Where PMs Create Real Leverage: Vision, Strategy, Scope, and Backlog
As product managers, our job isn’t to ship tickets. It’s to create leverage.
But what does leverage really mean? And where should we focus our time to create the most of it?
There are two core concepts I share with my team:
Managerial Output: This is what you produce as a manager. It’s not just your own contributions—it’s the output of your team plus the output of the surrounding teams you influence. Great PMs expand their radius.
Managerial Leverage: Some activities create more output than others. The best PMs recognize that their time is limited and focus on the things that produce the most leverage per unit of effort.
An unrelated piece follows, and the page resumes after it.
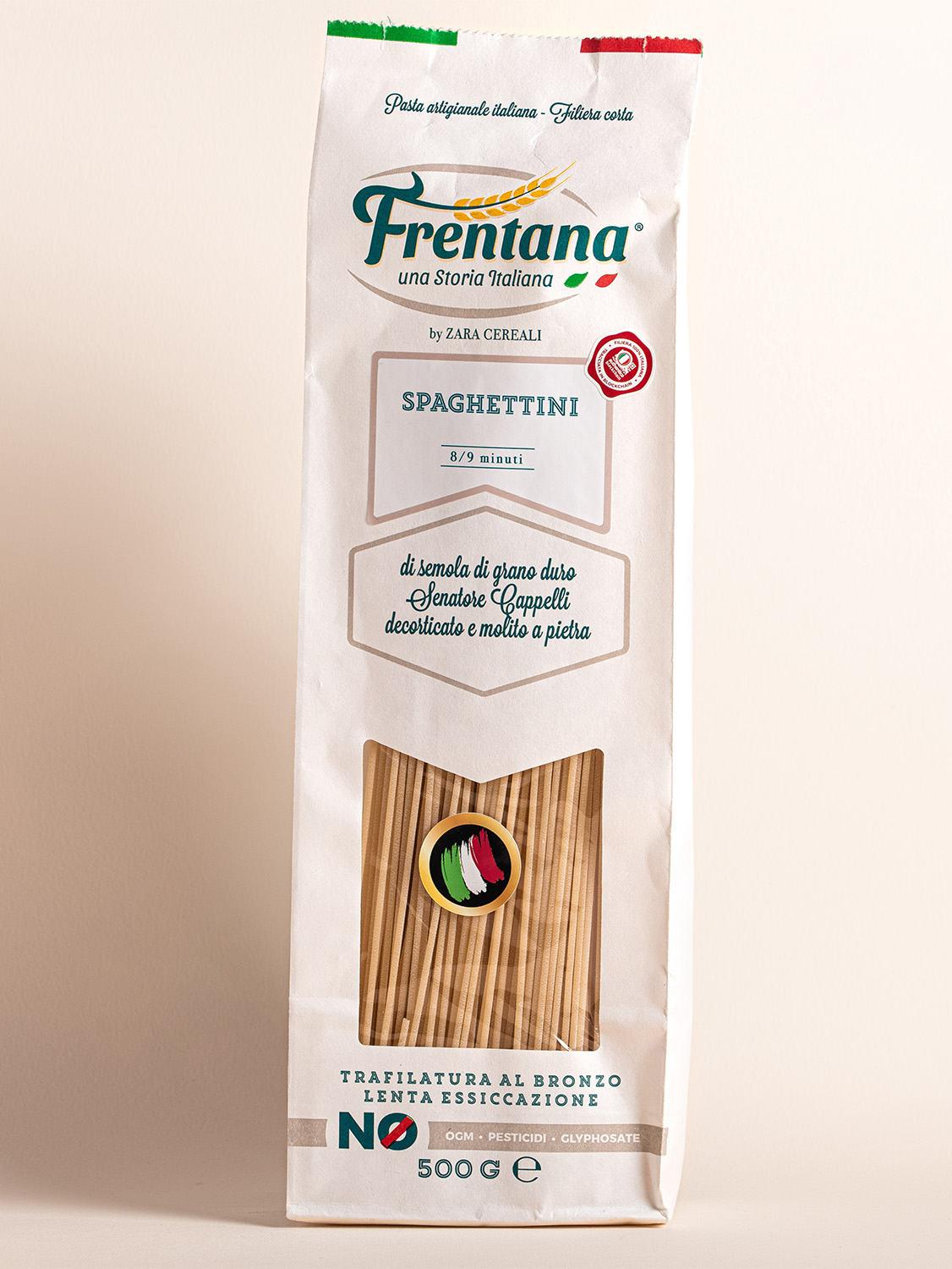 Gli Spaghettini di Grano Duro Senatore Cappelli di Pasta Frentana sono una pasta artigianale realizzata con semola del grano antico italiano “Senatore Cappelli”, noto per il suo aroma intenso e le proprietà nutrizionali. La pasta viene lavorata con trafilatura al bronzo e sottoposta a lenta essiccazione, un processo tradizionale che preserva le caratteristiche organolettiche del grano e conferisce alla superficie una leggera rugosità, ideale per trattenere i condimenti.
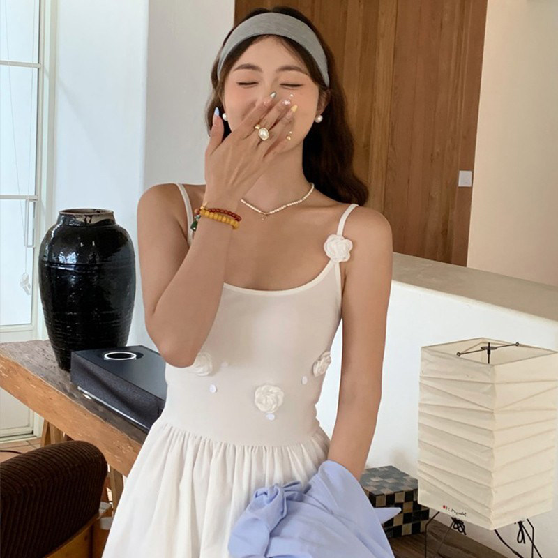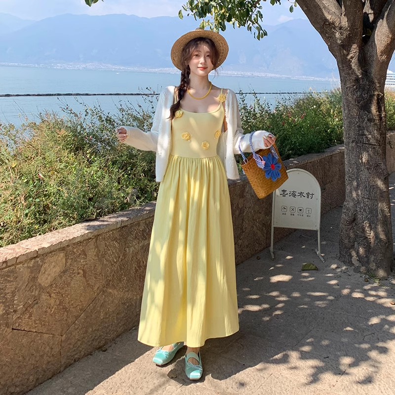 黄色收腰吊带连衣裙女装2025夏季新款海边度假小个子漂亮白色长裙

That’s the real job.
So where does a PM create the most leverage?
The Leverage Pyramid: Vision, Strategy, Scope, Backlog
Here’s a simple framework I use:
Vision → Strategy → Scope → Backlog
Think of this as a pyramid, where the foundation lies in Vision and Strategy—and the optimization happens through Scope and Backlog.
At the top of the pyramid is the backlog—individual tasks and user stories. Important? Sure. But high leverage? Rarely.
At the base is vision—the compass that orients the entire team. This is where a product manager has the highest potential to shape outcomes.
Let’s break this down.
Vision: The Heart of the Team
A good vision describes where you’re going and why it matters. It’s not a feature set or a KPI target. It’s the end state of your team’s efforts, expressed clearly and ambitiously.
But here’s the catch: Your team’s vision has to fit within the company’s vision.
I’ve seen too many PMs go off-script, charging in like the “CEO of the product” trying to “do epic shit.” And while I admire the energy, it has to align with the bigger company narrative—or you’ll end up building something impressive but irrelevant.
PMs should spend real time talking with leadership to internalize the company’s vision—and recalibrate as the company evolves. At Shopify, we called this “staying on the green path.” It means you’re pushing boundaries, yes—but always within bounds.
And when you get it right? The vision becomes a filter for every micro-decision your team makes. It becomes the source of team pride. It becomes your leverage.
Strategy: Your Gameplan for Action
If vision is the “why,” strategy is the “how.” It’s the plan you craft to navigate constraints, market dynamics, customer needs, and technical realities—and move toward the vision.
And no, strategy is not a roadmap.
A roadmap is an output of strategy. A real strategy should answer:
What are we building, and why?
Who are we targeting, and why?
How will we grow, and why will that work?
How does this improve our position in the market?
The more your strategy can answer those questions (especially the “why”), the more your team will act with clarity and autonomy.
Scope and Backlog: Optimization Work
Scope and backlog are necessary—but they’re not where you create foundational leverage.
Scope defines what you need to build to realize your strategy.
Backlog breaks that down into the units of work your team will tackle.
They help you go faster toward a known destination—but they’re only effective when you’ve already figured out where you’re going and why.
That’s why I encourage PMs to spend more time downstream than upstream. If your strategy is fuzzy or your vision isn’t aligned, no amount of backlog grooming will get your team where it needs to go.
A Simple Litmus Test
If you want to test whether your team has clarity, ask this:
Can an engineer or designer on your team explain:
The vision you’re working toward?
The strategy that’s guiding how you get there?
If not, don’t start another sprint. Go back to the foundation. That’s where your leverage lives.
Closing Thoughts
I built this framework early in my career because I wanted to create a team where:
Everyone knew how their work contributed to the company’s vision.
Everyone could explain why we were approaching the problem in a specific way.
That’s the real unlock. That’s how you turn product managers into product leaders. And that’s how you stop managing backlogs—and start shaping futures.